Turning back to the business of Home Depot, Blake said he spends most of his time traveling and visiting as many of Home Depot's stores as he can. Unlike years past, Home Depot is not focused on opening stores but increasing the productivity and efficiency of the thousands of locations already open. Home Depot has lots of competitors in every category, from lumber to flooring to paint, so it can't afford not to continually innovate, he said.
Cramer said he remains a fan of Home Depot.
In the Lightning Round, Cramer was bullish on Avery Dennison (AVY), Hertz Global Holdings (HTZ), Geron (GERN), Melco PBL Entertainment (MPEL), Las Vegas Sands (LVS), Alexion Pharmaceuticals (ALXN), NPS Pharmaceuticals (NPSP) and Advanced Micro Devices (AMD).
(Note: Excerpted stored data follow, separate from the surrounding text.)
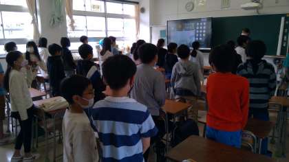 朝、ぽつりと雨があたったため、始業式はオンラインで行いました。各学年の子供たちに向けてこの1年間に頑張ってほしいことを話した後、新しく着任した先生たちを紹介しました。先生たち一人一人が挨拶をすると、教室から拍手が聞こえてきて、とても温かい雰囲気になりました。
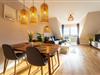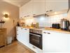 Die Wohnung verfügt über einen offenen Wohn- und Essbereich mit einer modernen, gut ausgestatteten Küche. Hier finden Gäste alles, was sie zum Kochen benötigen – vom Backofen über eine Spülmaschine bis hin zu Kaffeemaschine, Toaster und Wasserkocher. Eine gemütliche Schlafcouch bietet zusätzlichen Platz zum Ausruhen. Das separate Schlafzimmer ist mit einem komfortablen Doppelbett ausgestattet und lädt nach einem langen Tag an der frischen Nordseeluft zu erholsamen Nächten ein.
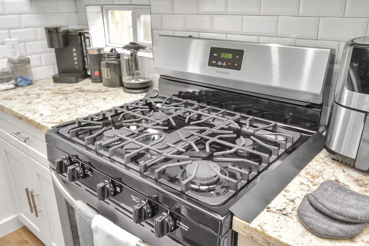 The kitchen is fully equipped with all the essentials you need to cook up a delicious meal during your stay, including a stove, oven, microwave, refrigerator, and dishwasher. You'll also find plenty of cookware, dishes, and utensils to use.
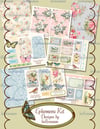 Create using this complete vintage ephemera kit! This printable kit has everything you need to make beautiful shabby cottage-style elements. Kit includes vintage wallpaper backgrounds, pockets, tags, tag bases, labels, border trims, ephemera such as butterflies, birds, florals, plus sentiments to finish off designs. More than enough backgrounds and epmemera to create many different projects.
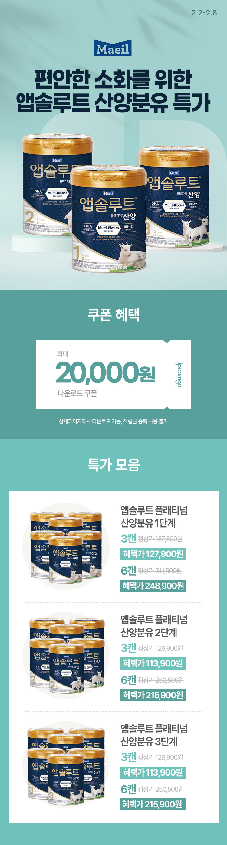 [2.2~8] [매일유업] 편안한 소화를 위한 앱솔루트 산양분유 특가
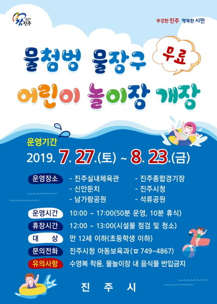 진주시가 여름방학을 맞아 오는 27일부터 8월 23일까지 어린이와 어린이를 동반한 시민들을 대상으로 도심 속 어린이 물놀이장을 무료로 운영한다.
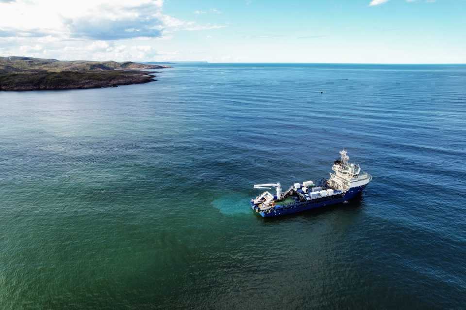 Судно-кабелеукладчик с подводным оптоволоконным кабелем на борту возле села Териберка в Мурманской области начинает прокладку трансарктической волоконно-оптической линии связи Мурманск – Владивосток проекта «Полярный экспресс». Оптоволоконная линия между Европой и Азией станет альтернативой спутниковой связи в северных широтах. Фото: Павел Львов / РИА Новости
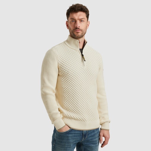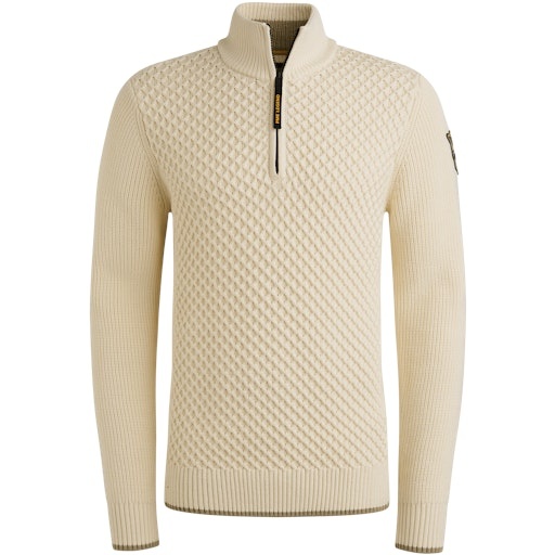 Deze off-white gekleurde trui van PME LEGEND is gemaakt van een katoenmix en heeft een regular fit. De trui is afgewerkt met een geribd opstaand boord, korte ritssluiting, afsluitband op de mouw en onderkant met kleurdetail , logobadge op de mouw en is voorzien van een all-over grove structuur. Dit model is in 2 kleuren verkrijgbaar.
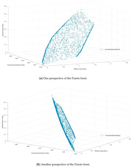 Several researchers have examined the relationship between MEs and economic growth [,,]. [] concluded that most of the models applied were ad hoc and lacked well-defined economic bases. In this context, [] proposed a model to address the shortcoming noted by [] with a fundamental two-sector model for examination of the effect of exportation on economic growth. According to [], the study of MEs in developing countries focuses on fundamental questions related to development and growth, government, and security, which are difficult to quantify and model properly. They divide theoretical models of the relationship between MEs and growth into three sets: those analyzing the roles of offer and demand in capital gain (Keynesian), those that highlight positive or negative externalities, and those that emphasize that security is a public property. Empirical models have been established based on a single equation estimated using the ordinary least-squares method. However, a single equation cannot encompass the multiple and complex interrelationship of MEs with the economy. As defense and economic growth are related to security and development, theoretical models should encompass the broad context of the socioeconomic situation and yield multivariable explanations. Recently, [,] revised this multivariable relationship using countries panels between 1992–2006, 1998–2012, and 1970–2014. Hence, we propose that relationships among the objectives MEs, security, and development be analyzed simultaneously to answer the first question mentioned. This goal requires the use of a methodology that facilitates understanding of the combination of these objectives during decision making, such as multicriteria decision-making analysis. Multiobjective programming enables work with several objectives in a feasible region with the aim of determining their Pareto front []. The action plan for the countries, considering the given objectives, is far from being homogeneous, because of different intrinsic aspects related to each country: political, economic, social, cultural… For this reason, one of the best methods to embrace all these action disparities and to analyze a simultaneous study of the different performances is multiobjective programming, which enables the determination of efficient behaviors. In this context, the proposed model is one of the major contributions of our work, from a methodological point of view, as well as its utility in economy, politics, and social improvement.
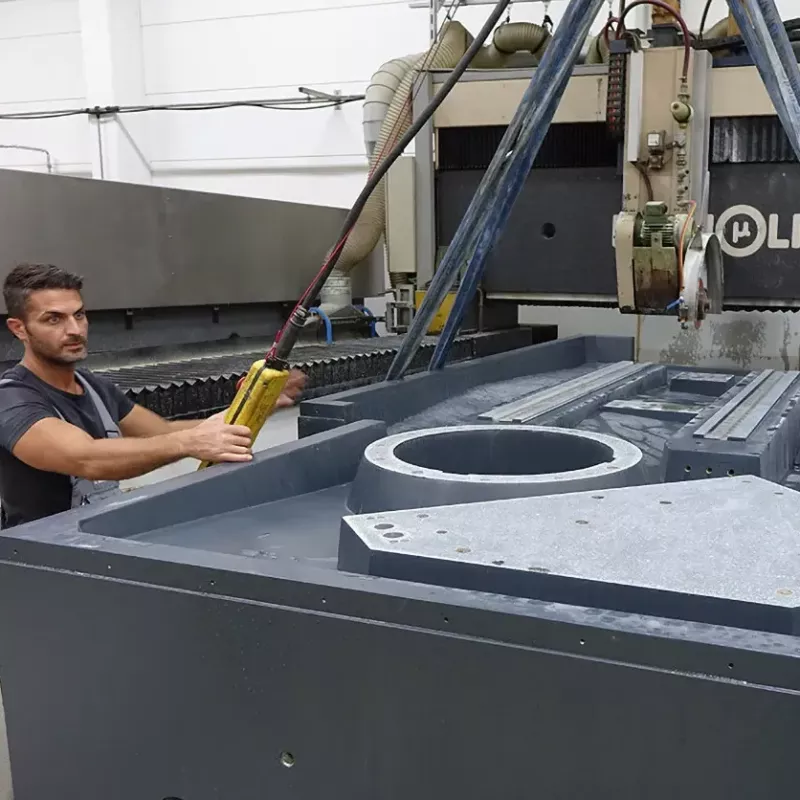 Dostępne są standardowe rozmiary od 250×250 do 3000×2000 mm z odpowiednio dobranymi punktami podparcia i nośnością. Na życzenie dostarczamy podstawy, również z izolacją drgań, a także rowki teowe ze stali, tuleje gwintowane i otwory pasowane. Każda płyta otrzymuje certyfikat kontroli.

Executive Decision: Lee Tillman
For his second "Executive Decision" segment, Cramer sat down with Lee Tillman, president and CEO of Marathon Oil (MRO), which held an analyst meeting today. Shares of Marathon are up 16% so far in 2013 and sport a 2% yield. They trade at 11.8 times earnings with a 10% growth rate.
Tillman said Marathon is focusing on its top and bottom lines, increasing production growth but also managing its existing wells more efficiently. He said his company is selling off some high-quality assets to concentrate the portfolio on the Eagle Ford, Bakken and Woodford regions of the U.S., a move which will reset the company's growth rate to the upside.
When asked about how much oil and gas America could produce, Tillman explained that since 2011 Marathon has doubled its proven reserves to 2.4 billion barrels in just the three areas it's now focused on. He said there's lots of growth still ahead and energy will be a driving force in the U.S. economy for a long time to come.
Turning to the topic of energy independence, Tillman took a slightly different stance, saying he's not a fan of continental independence because prices will always be lowest trading on the global marketplace. However, he is a big supporter of what he called "energy security," where all of America's energy comes from friendly nations. That scenario is possible, he said, and will fundamentally change geopolitics around the globe.
Cramer said he recommends Marathon because it is inexpensive when compared to its peers.
No Huddle Offense
In his "No Huddle Offense" segment, Cramer opined on the return of the "single-digit midgets," stocks such as Rite Aid (RAD), Alcatel Lucent (ALU) and Nokia (NOK), all of which were left for dead but came roaring back in 2013.
Cramer reminded viewers that stocks don't fall into the single digits because things are going well, and most never recover. But in the case of Rite Aid the company transformed into a real competitor and deserves its 308% rise in 2013. Meanwhile, Alcatel fixed its balance sheet and its shares jumped by 227%. Then there's Nokia, which sold its handset business so it could focus on infrastructure, sending its shares up 96% for the year.
Cramer said investors should put no more than 20% of their discretionary portfolios in speculative stocks like these -- but when you get one right, it can make your whole year.